Description of the task: Beginning with the line containing "Hispanics born in" and going on through the line containing "Fires light it’s", the lines below are to be returned exactly, pictures excluded and nothing added.

Data to process:
****************
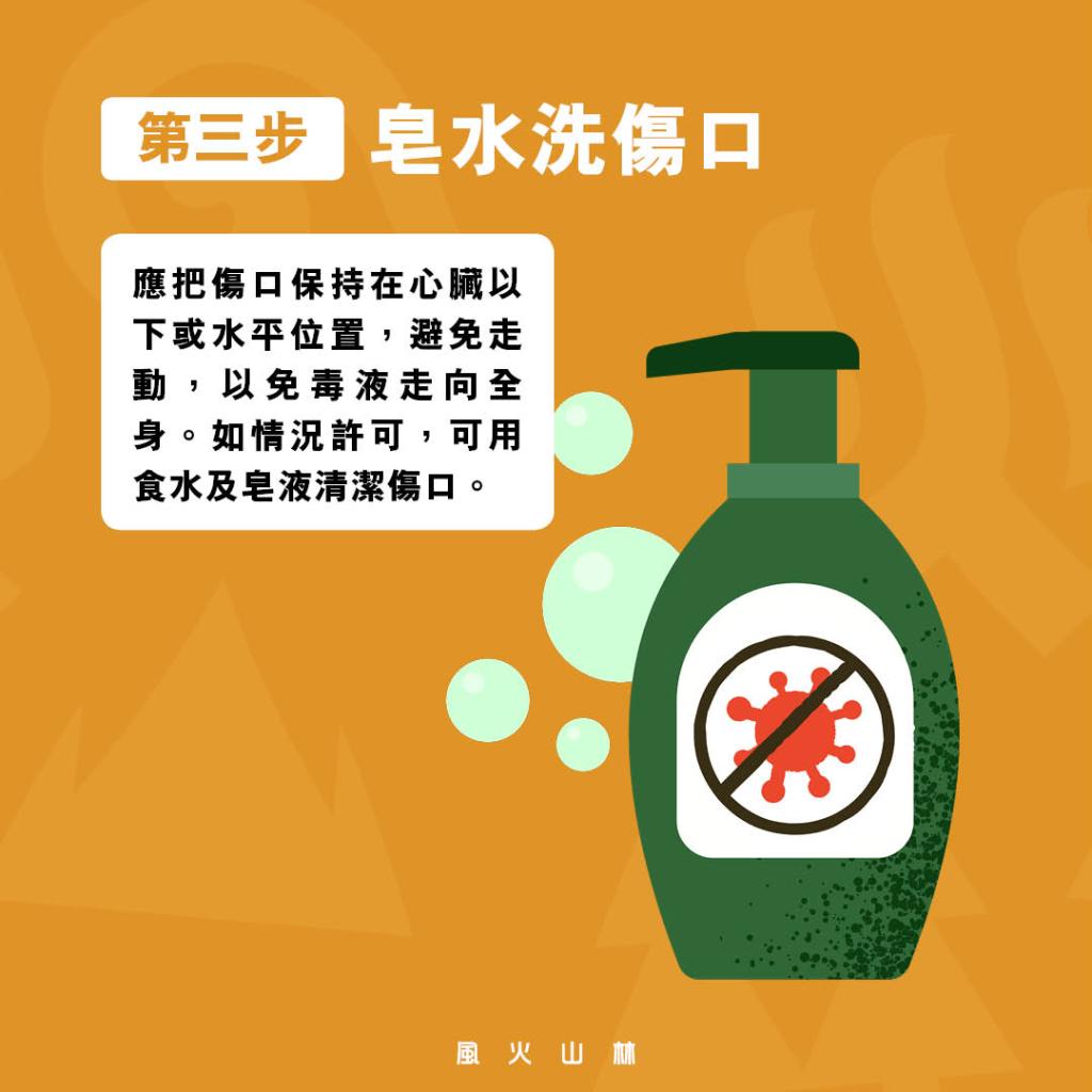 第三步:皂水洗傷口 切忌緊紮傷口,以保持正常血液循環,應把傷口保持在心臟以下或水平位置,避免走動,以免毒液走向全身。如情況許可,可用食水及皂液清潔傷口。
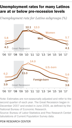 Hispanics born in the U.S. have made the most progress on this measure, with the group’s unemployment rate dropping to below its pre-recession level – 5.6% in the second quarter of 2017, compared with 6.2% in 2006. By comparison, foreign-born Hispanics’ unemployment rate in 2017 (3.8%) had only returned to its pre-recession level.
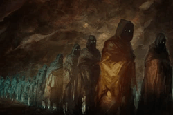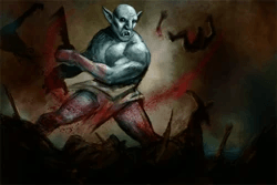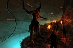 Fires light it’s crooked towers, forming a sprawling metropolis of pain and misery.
****************
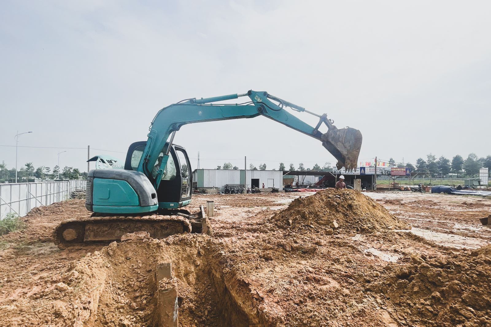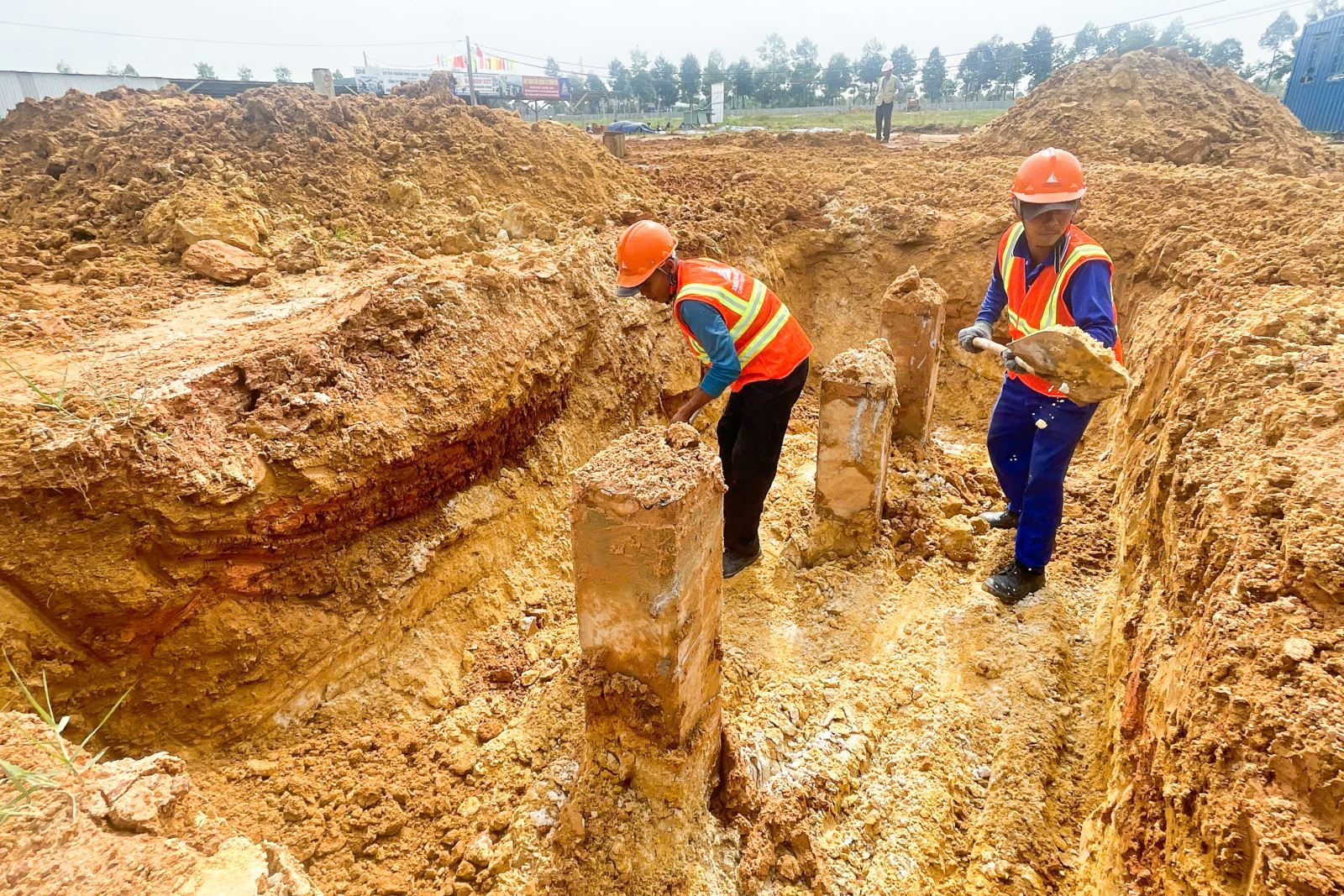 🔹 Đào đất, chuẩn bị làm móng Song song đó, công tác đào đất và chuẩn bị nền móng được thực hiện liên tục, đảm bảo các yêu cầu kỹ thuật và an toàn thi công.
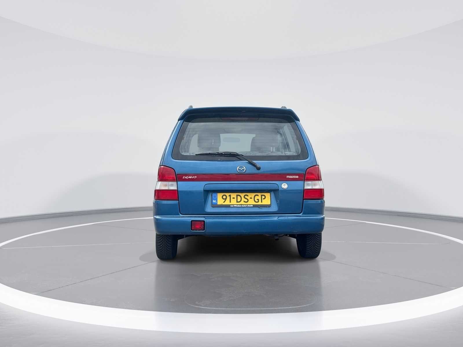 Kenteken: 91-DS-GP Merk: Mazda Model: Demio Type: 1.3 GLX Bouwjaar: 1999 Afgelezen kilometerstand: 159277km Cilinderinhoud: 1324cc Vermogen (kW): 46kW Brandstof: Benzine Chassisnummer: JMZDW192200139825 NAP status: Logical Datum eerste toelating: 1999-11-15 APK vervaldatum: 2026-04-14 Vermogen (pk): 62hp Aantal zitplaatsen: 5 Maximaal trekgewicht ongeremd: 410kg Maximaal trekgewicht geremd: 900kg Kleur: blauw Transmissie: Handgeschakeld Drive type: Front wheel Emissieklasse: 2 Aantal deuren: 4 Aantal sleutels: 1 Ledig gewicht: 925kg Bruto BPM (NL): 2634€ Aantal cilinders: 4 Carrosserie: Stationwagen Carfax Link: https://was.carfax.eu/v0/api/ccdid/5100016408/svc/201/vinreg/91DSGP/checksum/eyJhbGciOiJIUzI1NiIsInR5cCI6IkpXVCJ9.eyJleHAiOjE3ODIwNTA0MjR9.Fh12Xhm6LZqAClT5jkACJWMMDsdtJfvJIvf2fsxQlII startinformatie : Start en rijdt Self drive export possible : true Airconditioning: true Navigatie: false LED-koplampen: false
****************
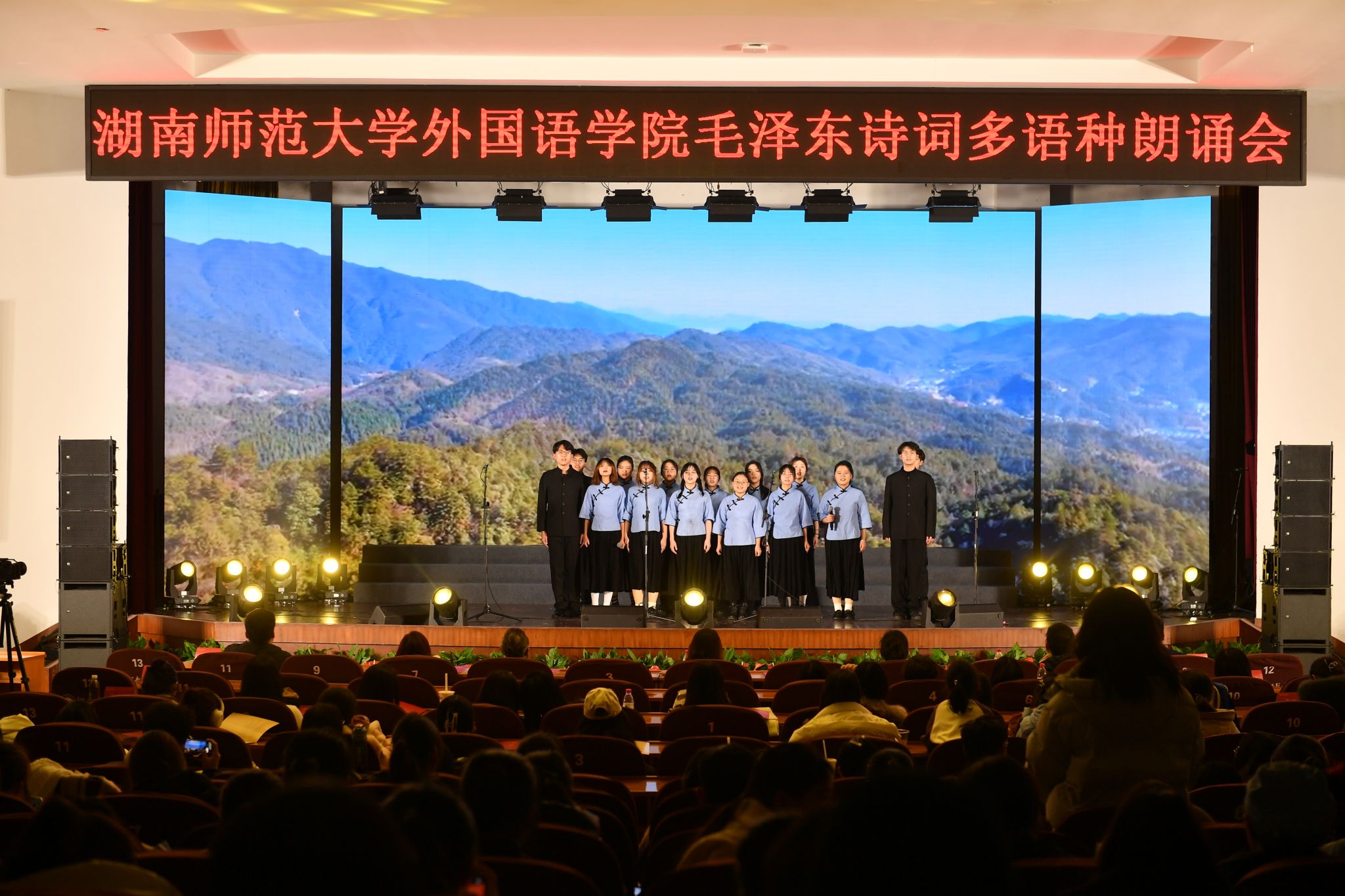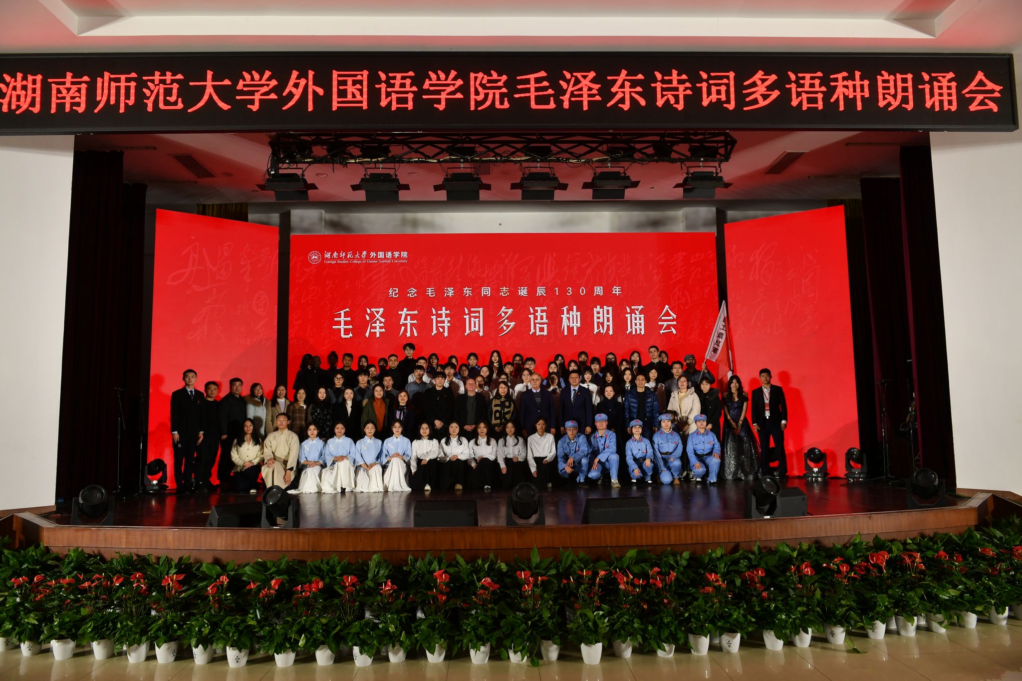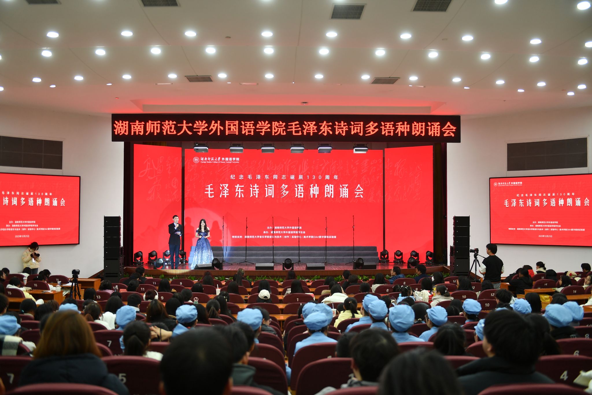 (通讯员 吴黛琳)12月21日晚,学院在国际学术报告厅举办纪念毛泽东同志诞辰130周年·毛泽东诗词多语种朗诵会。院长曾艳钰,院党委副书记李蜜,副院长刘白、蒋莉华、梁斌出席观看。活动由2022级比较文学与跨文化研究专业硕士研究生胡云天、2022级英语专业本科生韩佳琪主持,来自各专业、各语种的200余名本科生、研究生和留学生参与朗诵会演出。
****************
Result of the task:
 Hispanics born in the U.S. have made the most progress on this measure, with the group’s unemployment rate dropping to below its pre-recession level – 5.6% in the second quarter of 2017, compared with 6.2% in 2006. By comparison, foreign-born Hispanics’ unemployment rate in 2017 (3.8%) had only returned to its pre-recession level.
 Fires light it’s crooked towers, forming a sprawling metropolis of pain and misery.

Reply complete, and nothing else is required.